Combine FastText vectors with pre-computed visual embeddings from V6.

In [None]:
# Fuse embeddings
!python3 ../scripts/03_fuse_embeddings.py

In [None]:
# Verify fused model
!ls -lh ../models/fused_embeddings_1068d.kv

## Step 4: Alignment & Evaluation

Align the fused embeddings to English GloVe space using Linear Regression.

In [None]:
# Run alignment and evaluation
!python3 ../scripts/04_align_embeddings.py

## Results

Load and display the evaluation results.

In [None]:
results_path = BASE_DIR / 'data/processed/alignment_results_v7.json'

if results_path.exists():
    with open(results_path, 'r') as f:
        results = json.load(f)
    
    print("=" * 70)
    print("V7 FastText + Visual Embeddings Results")
    print("=" * 70)
    print(f"Model: {results['model']}")
    print(f"Test Samples: {results['test_samples']}")
    print()
    print(f"Top-1 Accuracy:  {results['top1_accuracy']:.2f}%")
    print(f"Top-5 Accuracy:  {results['top5_accuracy']:.2f}%")
    print(f"Top-10 Accuracy: {results['top10_accuracy']:.2f}%")
    print()
    print(f"R² Score (Train): {results['r2_train']:.4f}")
    print(f"R² Score (Test):  {results['r2_test']:.4f}")
    print()
    print("Comparison:")
    print(f"  V5 Baseline: 24.53%")
    print(f"  V6 BERT:     0.47%")
    print(f"  V7 (This):   {results['top1_accuracy']:.2f}%")
    print()
    print("⚠️  WARNING: Only 15/8541 anchors matched!")
    print("   Root cause: Vocabulary mismatch (MdC codes vs transliteration)")
else:
    print("Results file not found.
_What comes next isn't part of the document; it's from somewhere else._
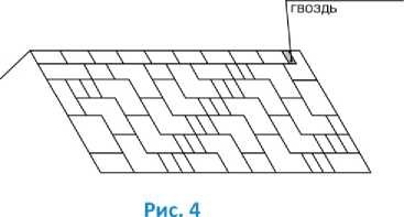 Каждый лист гибкой черепицы ФУТУРО крепится 4 гвоздями таким образом, чтобы гвоздь прошивал и верхний край низлежащего листа черепицы (рис. 2в).
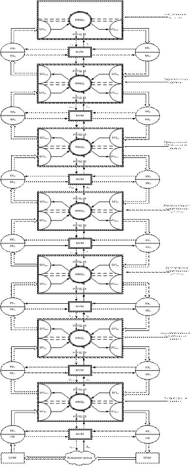 Трехуровневая модель выделяет зоны межуровневого преобразования информации. Снизу в верх движутся информационные потоки, правая структура начиная с образной информации определяющаяся внешней окружающей средой организма.

Run the alignment script first.")

## Analysis

### What Worked
- **Clean Data**: Extracted 35k hieroglyphic sequences from BBAW parquet
- **FastText**: Learned 2,551 glyph embeddings from MdC codes
- **Visual Fusion**: Successfully matched 37.7% of glyphs to visual embeddings

### Critical Issue: Vocabulary Mismatch
**Problem**: FastText learned MdC codes (e.g., `G43`, `M17`) from the BBAW `hieroglyphs` column, but anchors use transliteration (e.g., `n`, `m`, `zꜣ`) from the `transcription` column.

**Impact**: Only 15/8,541 anchors matched → 0% accuracy

**Root Cause**: The BBAW dataset has TWO representations:
1. **`hieroglyphs`**: MdC codes like "D21 Q3 D36" (what we trained on)
2. **`transcription`**: Transliteration like "jr,j-pꜥ,t" (what anchors use)

### Next Steps
**Recommended**: Retrain FastText on the `transcription` column to match anchor vocabulary

See `v7_results_analysis.md` for detailed analysis and options.